COMPASSION MUST BE THE FIRST CASUALTY OF WAR, especially among the instigators of war. And when compassion dies, the soul dies with it. For compassion is the essential core of the human soul. Thus, the loss of compassion is at the same time a loss of soul.
Dehumanizing the “Other” is the weapon that delivers the fatal blow. Militaries, and the states they serve, use this weapon to make war possible at all. Wholesale killing of the “enemy” depends upon making them less than human, either “demonic” or so distant as to become an abstraction (as in aerial or artillery bombardments and missile attacks).
Compassion is to feel the suffering of others, to suffer with them. The word comes to us from Latin (com “with” + passio “suffer”). Its Greek sibling is sympathy (sum “with” + pathos “feeling”). Because the biblical Hebrew word for compassion links the concept to the womb, it evokes the depth of a mother’s bond with her children.
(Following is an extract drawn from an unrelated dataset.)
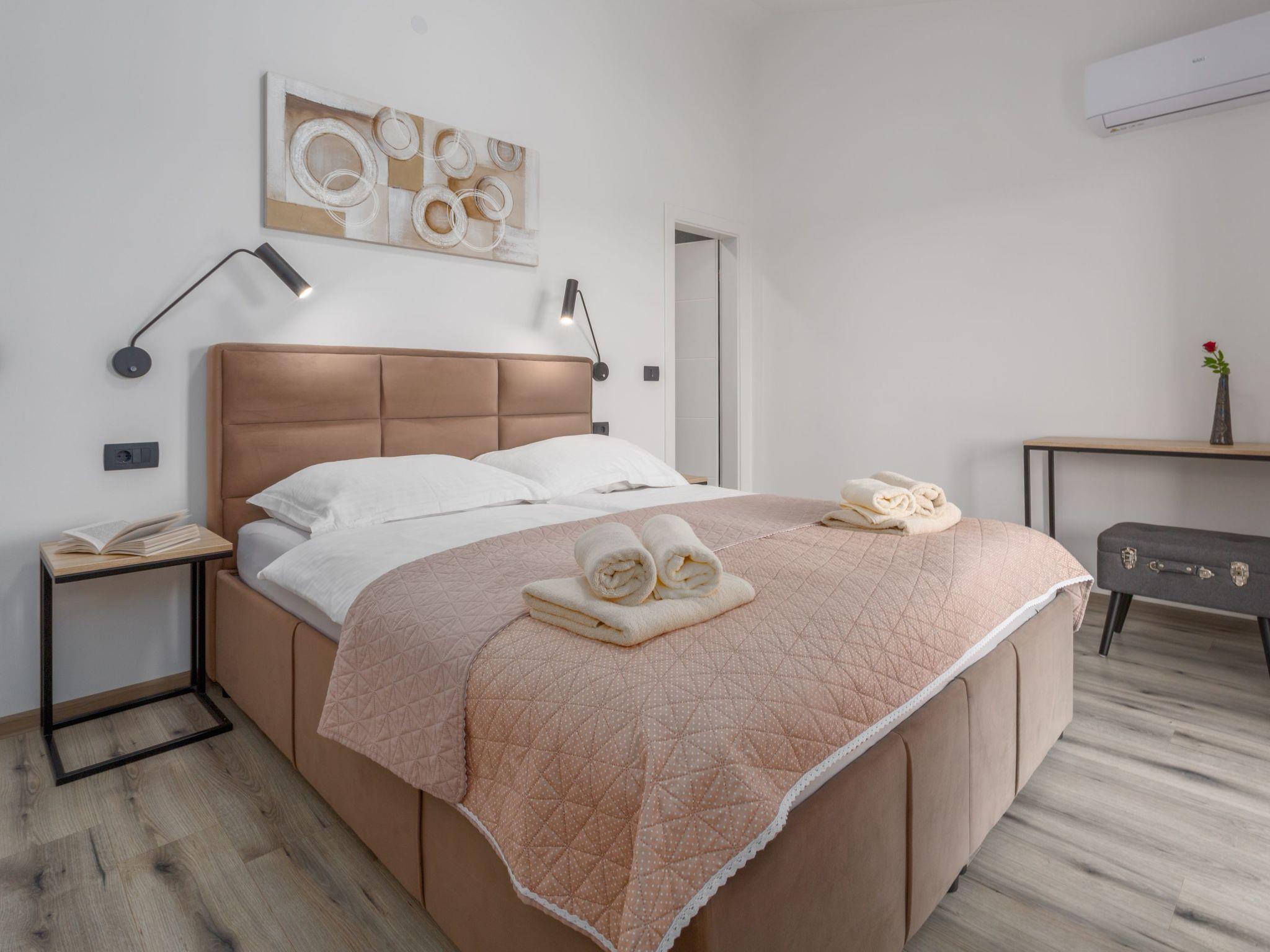 Inside, Villa Stefany impresses with its luxurious furnishings, which extend over two floors and a total area of 160 m². The ground floor offers an air-conditioned living room with a fireplace and a pull-out sofa bed for two additional guests, from which you have direct access to the terrace and garden. A fully equipped kitchen with dining table and a separate WC round off the space on offer. On the upper floor you will find a bedroom with a double bed and another with two separate beds, each with its own bathroom with shower/WC and access to a shared balcony, which offers a picturesque view of olive groves and the distant sea.

Maybe that’s why, until very recently, war has been a patriarchal phenomenon. Only a father uncertain of his paternity could possibly distance himself enough from a child to see the child as a threat, as a dangerous “other.” This is what Freud pointed to in his understanding of the so-called “Oedipus” complex, and in his speculative fantasy about primeval humanity, which he offered up in his brutal myth of the primal horde (see his Totem and Taboo).
Compassion is nowhere to be found in such a view of the world. Indeed, this extremely one-sided worldview depends so much on the abstract or “spiritual” thought of the mind, that it is cut off from the soul — and from bodies birthed by mothers.
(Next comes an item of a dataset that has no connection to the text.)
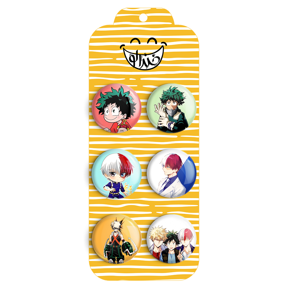 مجموعه 6 عددی پیکسل خندالو طرح انیمه آکادمی قهرمانان من با روکش سلفون حرارتی براق ضدخش و قطعه پشتی رنگی تولید شده است. قطعات پشتی از میان 6 رنگ سفید، مشکی، صورتی، زرد، آبی و قرمز که با توجه به نوع و رنگبندی طرح روی پیکسل انتخاب شده اند تولید می شود و در هر بسته بندی مطابق عکس محصول می باشد.

A complete loss of compassion and soul leads not just to mass killing, but even to “war crimes.” Military training suppresses the soldier’s individuality in order to build “unit cohesion.” Each soldier’s identity merges into a greater whole, becoming a part of a “mass” identity. A soldier’s powerful bond with fellow members of the greater whole separates the soldier from the “other,” who becomes the less-than-human enemy.
In war, compassion dies, warriors suffer a tragic loss of soul, and archetypal evil rushes in to fill the void. Pray for Ukraine. Pray for Russia. Pray for the triumph of compassion and peace.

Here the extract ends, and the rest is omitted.